Вошел судья, мы встали. Зал замер в ожидании. Настало последнее действие пьесы. Могло случиться все, что угодно. И случилось.
— Прежде чем мы перейдем к заключительным речам, — объявил судья, — обвинитель обратился с просьбой представить контрдоказательства. Сторона обвинения вызывает мистера Твиди.
Тут я машинально стал искать глазами Эклза, потому что понимал: то, как он поспешно покинул зал, связано с этими новыми показаниями. Я взглянул на Саймона, тот лишь беспомощно пожал плечами.
Мистер Твиди снова поднялся на трибуну и снова принял присягу.
— Вы хотите отозвать свои предыдущие показания? — спросил прокурор. Спросил зло: явно хотел показать присяжным, что он к лжесвидетельству непричастен.
— Да, — сказал Твиди. — Я говорил неправду.
— А теперь вы хотите внести изменения в показания?
— Да, — смиренно ответил Твиди.
— Вы утверждали, что третьего апреля между половиной третьего и тремя часами дня вы принимали обвиняемого в своем зубоврачебном кабинете. Так или нет?
— Я его не принимал, — сказал Твиди. — Он был записан на половину третьего. Но не пришел. Я прождал его до трех часов. А потом принял другого пациента.
Я был потрясен. Твиди, как и все они, нагло лгал. Я провел языком по зубам, пытался нащупать какое-нибудь доказательство того, что он сделал мне чистку. Но ощущал я только налет на языке, так что подумал: может, мистер Твиди и прав. А вдруг я действительно пропустил прием и этот человек говорит правду?
— Значит, хотя обвиняемый и утверждает, что был у вас в тот день, — настаивал прокурор, — вы говорите, что в назначенное время он не появился. И вы вообще не видели его в тот день? — Прокурор хотел, чтобы обличающие меня доказательства были очевидны.
— Не видел, сэр, — сказал Твиди.
Прокурор развернулся к Саймону.
— Свидетель ваш, — сказал он, источая жалость к коллеге.
Саймон заставил себя встать.
— Мистер Твиди, — начал он, — у меня имеются ваши показания, где вы сообщаете, что четвертого апреля в половине третьего дня сэр Альфред был у вас на приеме. Эти показания вы подписали у меня в конторе перед судебным заседанием. Вы подтверждаете, что подписали показания?
— Подписал, — сказал мистер Твиди.
— А теперь вы вдруг отказываетесь от них. Можете объяснить, почему?
— Эти показания были ложью, — сказал Твиди, — ия решил рассказать правду. Чтобы успокоить свою совесть.

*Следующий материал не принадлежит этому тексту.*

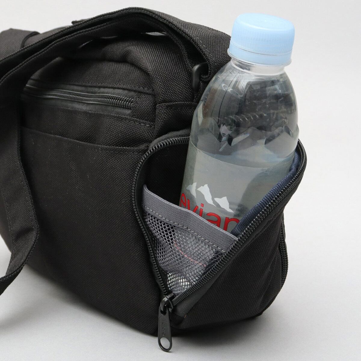 両サイドには、ファスナーポケットを配置。細かいアイテムの収納にはもちろん、間口を開けてボトルポケットとしての使用も◎

— Совесть? — переспросил Саймон, он своим тоном как бы говорил: да имеется ли она вообще у свидетеля. — Вы понимаете, — продолжал он, — что в таком случае ваши первые показания являются лжесвидетельством, а это уголовное преступление?
— Да, и я сожалею об этом, — сказал Твиди.
— Тогда почему же вы солгали? Если, — добавил Саймон, — вы действительно солгали.
— Обвиняемый был моим другом, — сказал Твиди. — Я не хотел его подвести.
— Уверен, мой клиент по достоинству оценит вашу дружбу, — съязвил Саймон — а что ему оставалось?
Он вернулся на свое место. Мне было его жалко. Ему вот-вот предстояло выступить с заключительной речью, а с учетом новых показаний ему, понимал я, и слов-то нужных было не наскрести. Он с жадностью пил воду, а я смотрел на него.
Прокурор занял место для заключительной речи. Она оказалась на удивление короткой. Он явно был уверен, что присяжных не нужно убеждать.